Stored data

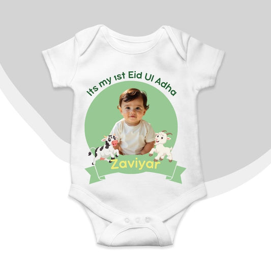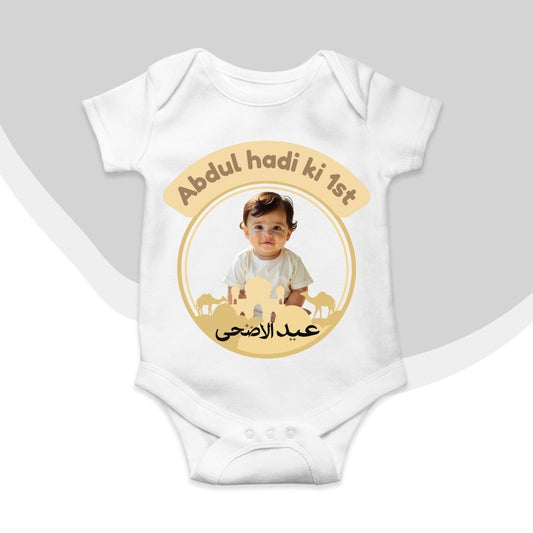 Custom name and picture 1st bakra eid new Gold design baby romper
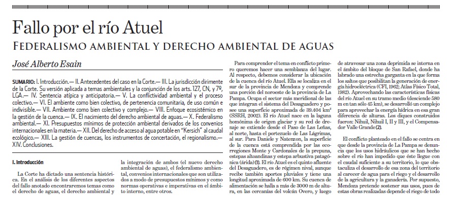 En este comentario publicado por la revista La Ley, se consideran aspecto de la sentencia de la Corte en relación al manejo ecosistémico de cuencas.… Leer más »Nota al fallo «La Pampa c Mendoza», en el conflicto por el río Atuel.
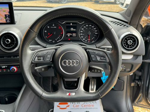 This 2017 Audi A3 TDI Black Edition boasts a clear vehicle history, offering you peace of mind. This stylish hatchback is equipped with a powerful 2.0 litre diesel engine, meeting Euro 6 emissions standards. You'll appreciate the convenience of LED headlights with dynamic rear indicators, a Bluetooth interface for seamless connectivity, and a light and rain sensor that automatically adjusts your headlights. Inside, enjoy the comfort of dual zone electronic climate control, ensuring a pleasant cabin temperature for everyone.The Audi A3 TDI Black Edition offers impressive performance, accelerating from 0 to 62 miles per hour in just 8.6 seconds, demonstrating its capability. This model also features a generous boot space, making it a practical choice for everyday use and longer journeys. These attributes, combined with its refined features, set this Audi A3 apart from other vehicles in its class.. 18in Alloy Wheels - 10-Spoke Design Matt Titanium Look with Diamond Cut Finish, 2 x USB Charging Ports and 1 x AUX-IN, 6-Airbag System with Knee Airbag for Driver, 8 Passive Speakers, Aluminium Interior Elements, Anti Theft Locking Wheel Bolts, Anti-Theft Alarm, Audi Connect Infotainment Services - 3 Month Trial, Audi Drive Select, Audi Smartphone Interface, Audi Sound System, Black Styling Package, Bluetooth Interface, CD Drive, Chrome-Plated Exhaust Tailpipe Trim, Cloth Headlining in Black, Colour Drivers Information System - DIS, Cruise Control, DAB Digital Radio, Door Mirrors - Black Housing, Door Mirrors - Electrically Adjustable and Heated, Dual-Zone Electronic Climate Control, ESC - Electronic Stabilisation Control inc ABS - ASR and EDL, Electric Windows - Front and Rear, Electromechanical Parking Brake, Electromechanical Power Steering, First Aid Kit, Front Centre Armrest, Front and Rear Floor Mats, ISOFIX Child Seat Mounting and Top Tether for Front Passenger and Outer Rear Seats, Illuminated Door Sill Trims with S Logo, Immobiliser, Inlays - Matt Brushed Aluminium, LED Headlights with LED Rear Lights and Dynamic Rear Indicators, LED Interior Light Package, Light and Rain Sensor, Luggage Compartment - Lashing Points x4, MMI Navigation - SD Card Based, MMI Radio Plus with 7in Electrically Retractable Colour MMI Screen, Manual Front Seat Adjustment, Non-Smoking Package, Pedals in Stainless Steel, Pollen Filter, Privacy Glass, Remote Central Locking with 2 Fold Away Keys, S Line Design Body Styling, S Line Roof Spoiler, Seat Belt Monitoring, Seats - Split Folding Rear - 60-40, Space Saver Spare Wheel, Sport Suspension, Steering Wheel - 3-Spoke Leather-Multifunction-Flat Bottomed, Storage Compartments in the Door Side Trims-Centre Console-Under Drivers Seat, Storage Package, Tool Kit and Car Jack, Tyre Pressure Monitoring System, Voice Control, Warning Triangle.
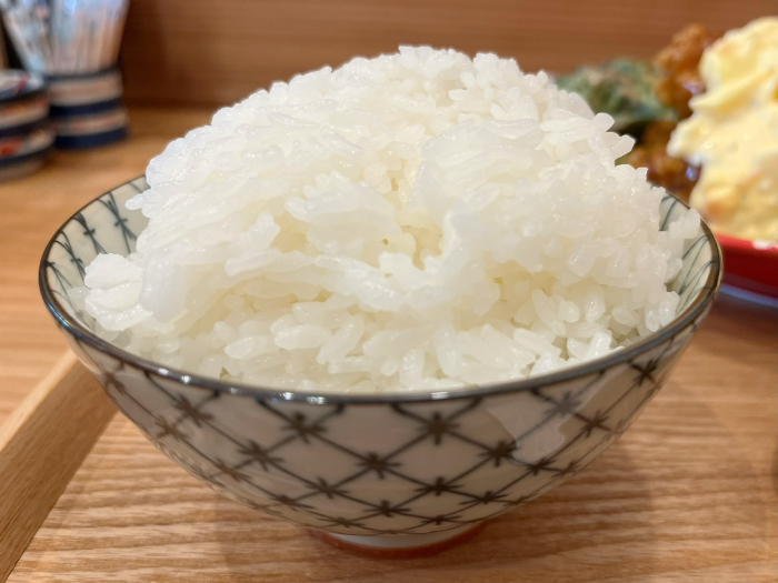 ごはんは一般的なサイズのお茶碗にこんもりと盛られています。普通盛りでも240gあるそう。これでもかなり量が多いんですが、お代わりが無料。お腹いっぱい食べられますね。
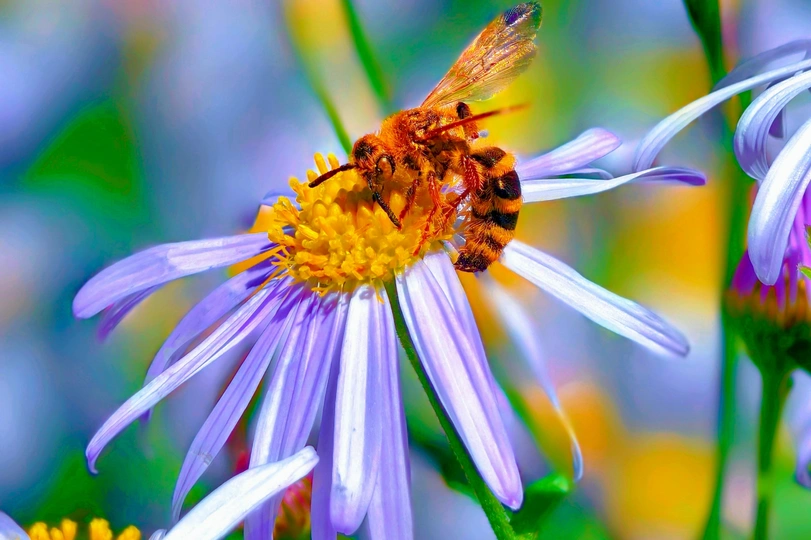 在五彩斑斓的花丛中,一只蜜蜂正忙碌地停驻在一朵紫色的小花上,它那橙黑相间的身躯与花朵的柔美色彩相映成趣。这一刻,仿佛时间都为这勤劳的小生灵而驻足,见证着它与花儿间那无声的默契与美好,尽显大自然的灵动与生机。
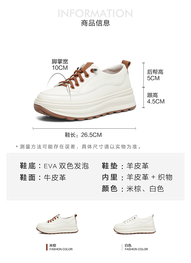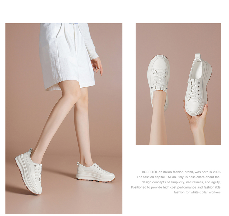 利落简约牛皮鞋面小白鞋,羊皮鞋垫告别闷热潮湿,纵享绵弹柔软,舒适厚底拉长腿型,稳固增高又显瘦,空气感双色发泡大底 785032
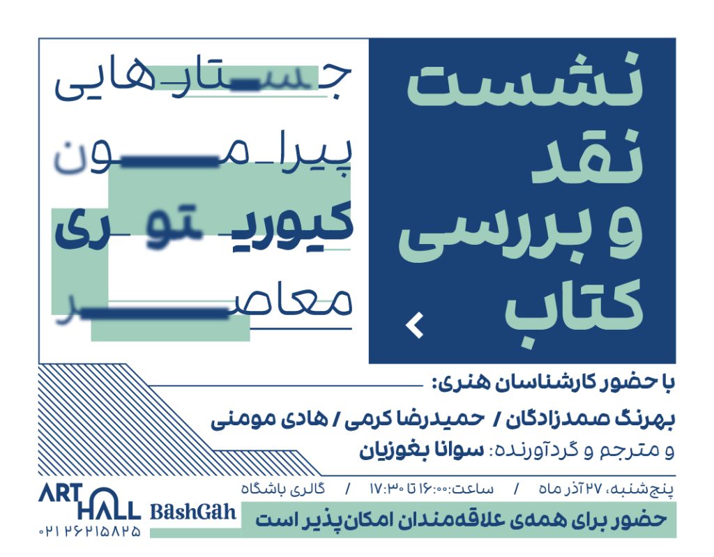 نشست نقد و بررسی کتاب «جستارهایی پیرامون کیوریتوری معاصر» به ترجمه و گردآوری سوانا بغوزیان از نشر تالار هنر، با حضور کارشناسان هنری در روز پنجشنبه، تاریخ ۲۷ آذر ماه در گالری «باشگاه» برگزار میشود.
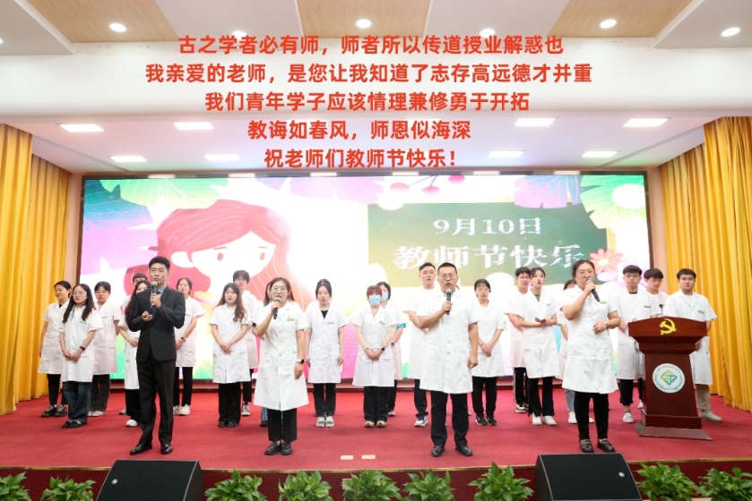 年教师节表彰活动。党委书记陈丽霞、党委副书记仝利俊、纪委书记莫日根、副院长白银霞、王文忠、黄永清,各行政职能科室主任,各教研室主任、秘书,各临床科室主任、护士长、秘书,全体带教老师(含硕士研究生导师),全体在培医师、本科生及研究生
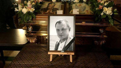 Тело в гробу на похоронах Стремоусова укрыто вуалью.
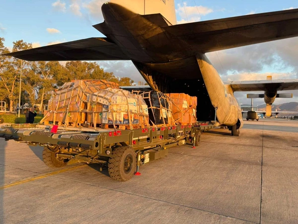 Αεροσκάφος C-130 της Πολεμικής Αεροπορίας μετέφερε φορτίο συνολικού βάρους 6 τόνων που περιλάμβανε ιατροφαρμακευτικό υλικό καθώς επίσης και είδη ένδυσης, καθαριότητας και ατομικής υγιεινής.
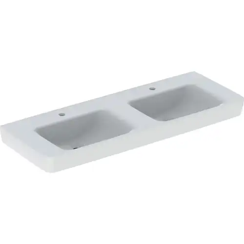 Geberit Renova Plan, lavabo double, 130x48 cm, 1 trou pour robinet, sans trop-plein, 501711
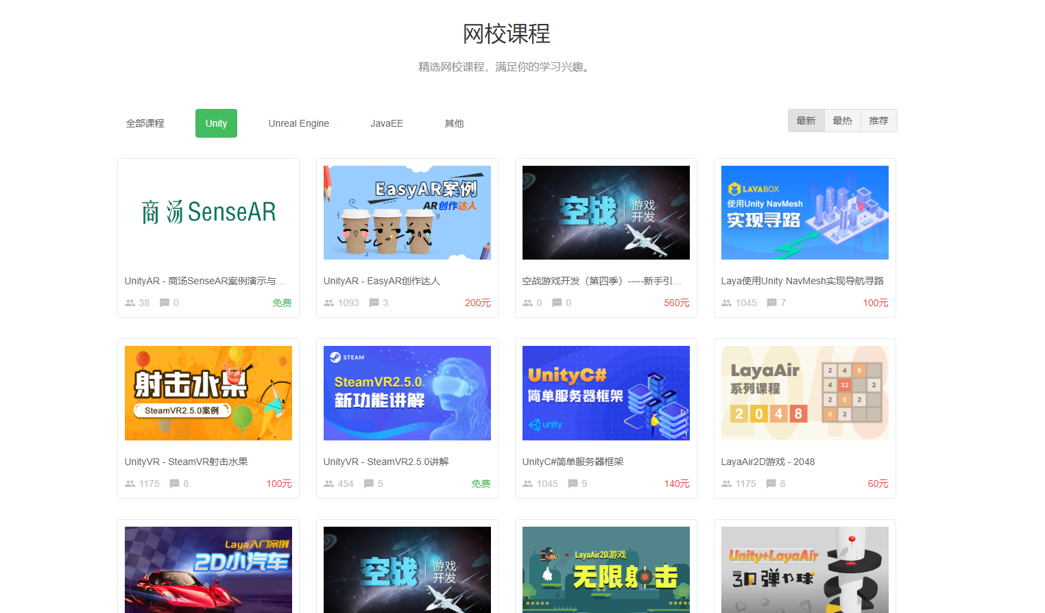 主要是针对游戏开发的教程,Unity,Cocos,UE4等,有免费也有收费的。
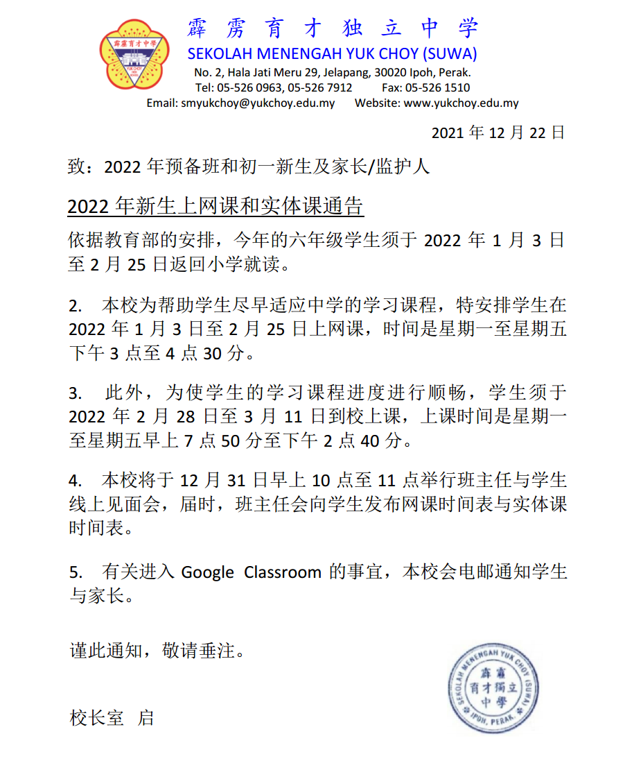 年新生上网课和实体课
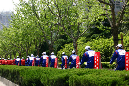 目前,市经济和信息化系统各单位直接或配套参与世博园区和外围建设的企业已有47家,涉及项目近130个,覆盖配套供电、网络通讯、票务销售、环保能源、地图导航等多方面;电力、通信、石油等系统各行业对外服务窗口2000多个。在筹办世博的临战阶段,“百千万”活动是经济和信息化系统中央企业发挥示范带动作用,以实战状态投身世博的自发行动,也是广泛动员全系统6万余名党员、数十万职工群策群力、保障世博筹办工作顺利推进的集中行动。此项活动将贯穿世博会全过程。启动仪式上,参与世博建设项目代表与市经济和信息化工作党委领导交换 “三保”责任书,承诺对世博项目要保进度、保质量、保廉政;窗口单位代表作出迎世博 “四个一流”服务承诺;系统世博志愿者服务队正式成立。
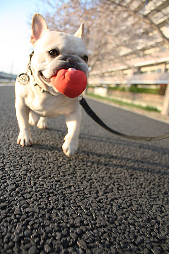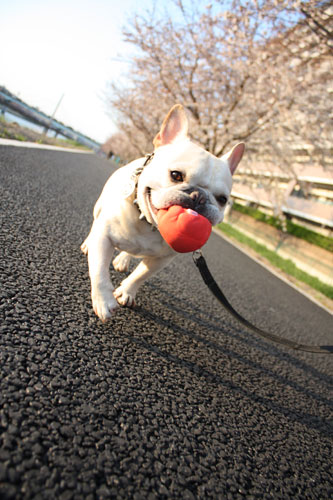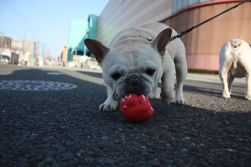 普段、つぶれた鼻よりも前に出ることのない前足を懸命に伸ばして、必死におもちゃを取ろうとする姿に飼い主ながら萌えてしまいました。
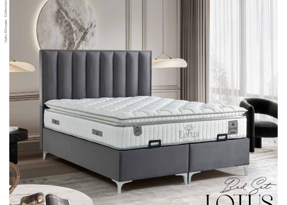 Тапицирано легло Lotus от колекцията Uyku Dünyasi в сив цвят е изработено с внимание към детайла – тапицерия с качествена дамаска VENUS SOFT GREY създава уют и модерна визия. Модел Lotus може да се закупи без матрак или в комплект с матрак Lotus който притежава прошит топ матрак за допълнителна мекота и стабилна опора. Тапицирано спално легло Lotus разполага с капитонирана табла и основа, както и с повдигаща се подматрачна рамка с газови амортисьори, предоставяща просторно място за съхранение на завивки, спално бельо и други вещи.
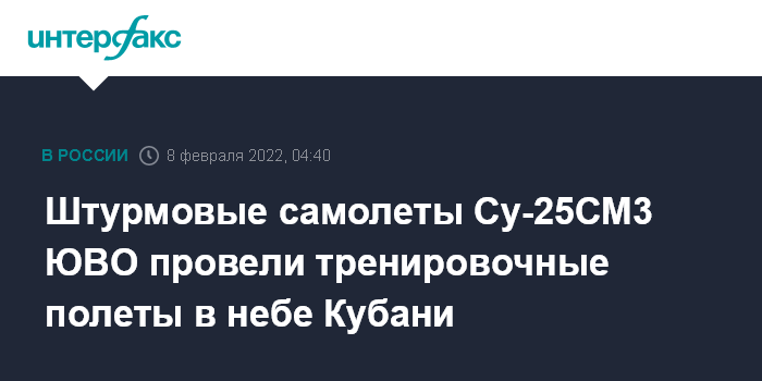 Москва. 8 февраля. INTERFAX.RU - Экипажи штурмового авиационного полка Южного военного округа, дислоцированного в Краснодарском крае, отработали сложные элементы пилотажа - вертикальные, горизонтальные и косые "бочки", боевые развороты и петлю "Нестерова" на штурмовиках Су-25СМ3, сообщает пресс-служба ЮВО.
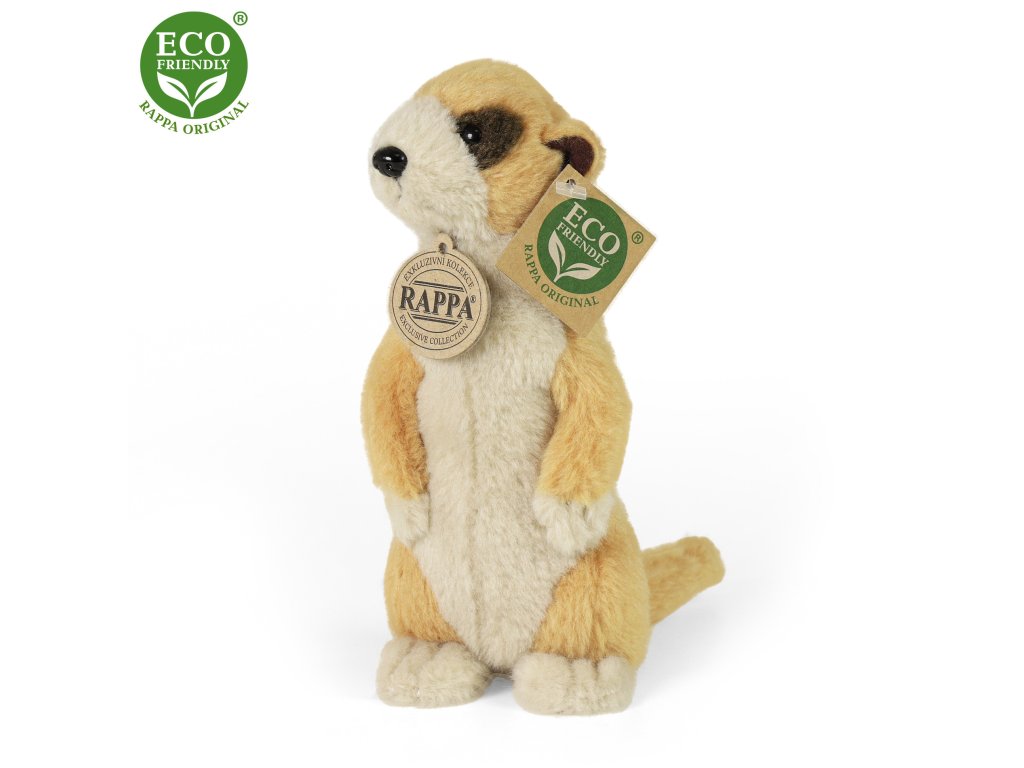 Roztomilá plyšová surikata ve velikosti 18 cm je vyrobena z vysoce kvalitní plyše a je tak součástí exkluzivní kolekce plyšových hraček RAPPA. Co to vlastně ECO-FRIENDLY znamená? Výplň plyšové hračky je vyrobena z recyklovaných PET lahví. Tento materiál je zcela bezpečný, na omak nerozeznatelný od standartní výplně a plně atestovaný pro bezpečnost i těch nejmenších. Rozhodli jsme se jít zelenou cestou co nejméně zatěžující životní prostředí- cestou ECO-FRIENDLY.
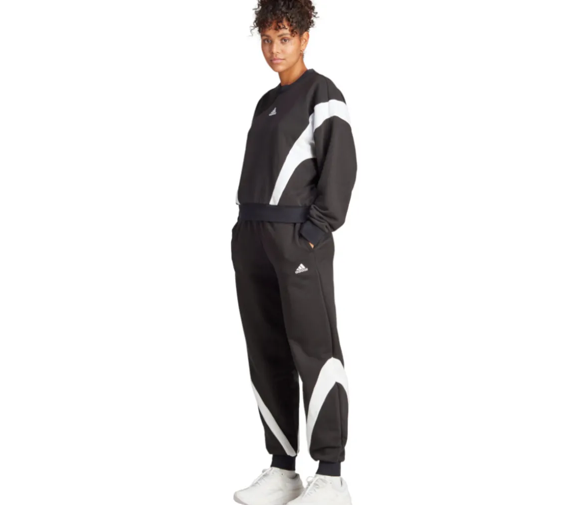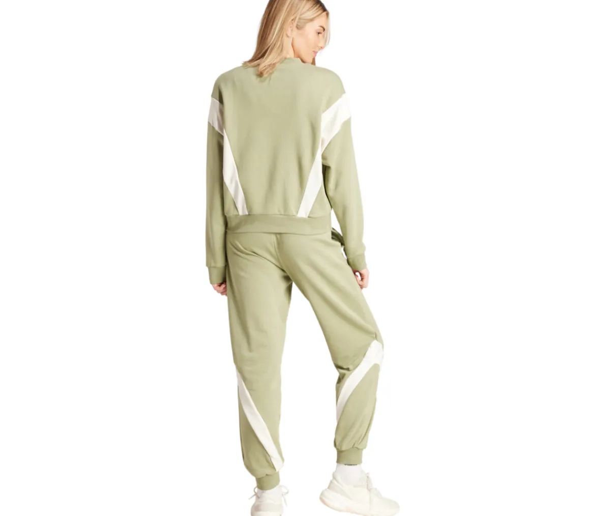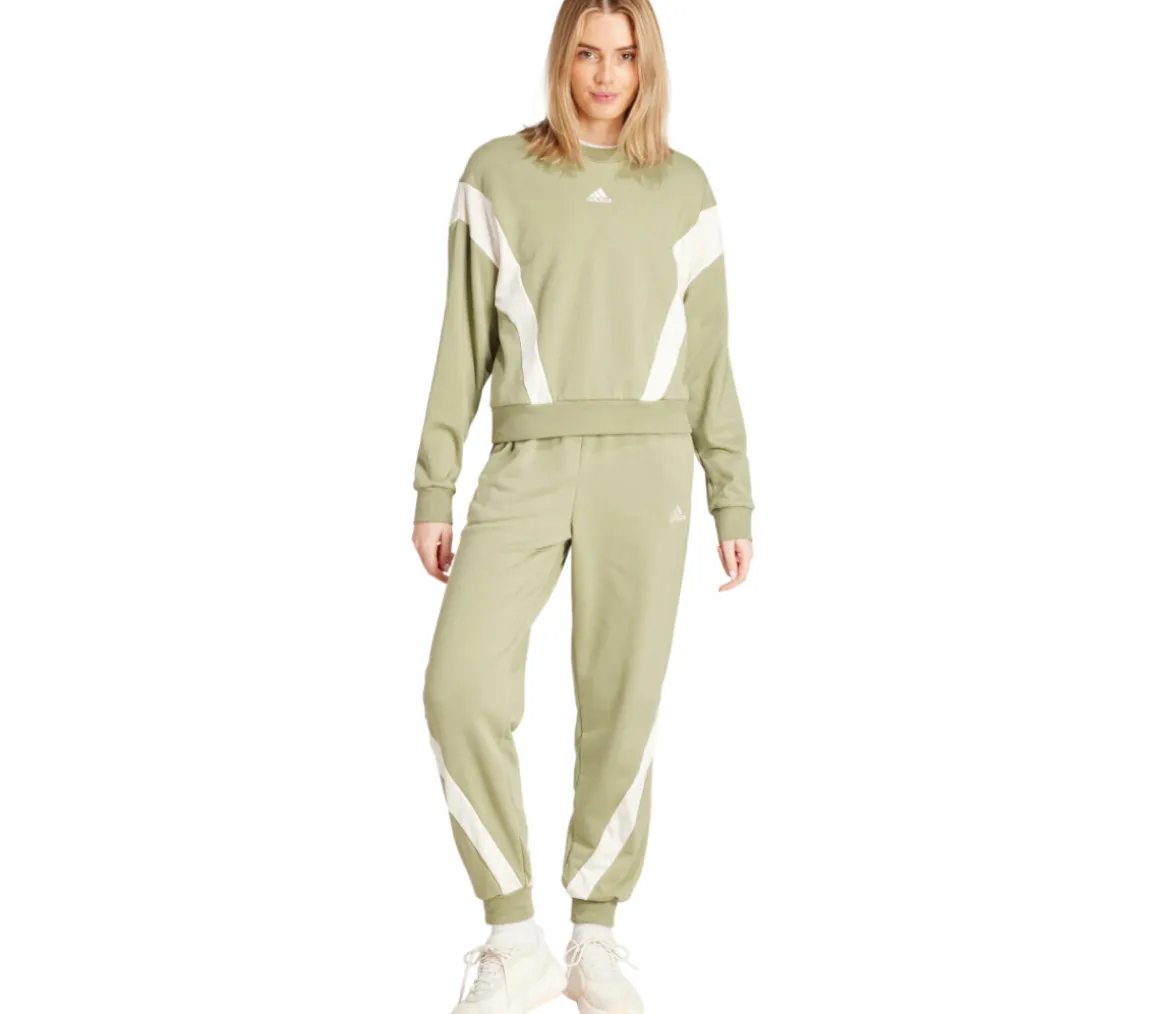 La tuta ha una vestibilità ampia, i pantaloni hanno una vestibilità regolare con tasche laterali e girovita elasticizzato. La felpa è girocollo e presenta i polsini a coste.

_REQUIREMENT:_ Print exactly the lines from the first line of the records above through the line containing "En este comentario", leaving out the pictures.

_FINISHED TASK:_
 Custom name and picture 1st bakra eid new Gold design baby romper
 En este comentario publicado por la revista La Ley, se consideran aspecto de la sentencia de la Corte en relación al manejo ecosistémico de cuencas.… Leer más »Nota al fallo «La Pampa c Mendoza», en el conflicto por el río Atuel.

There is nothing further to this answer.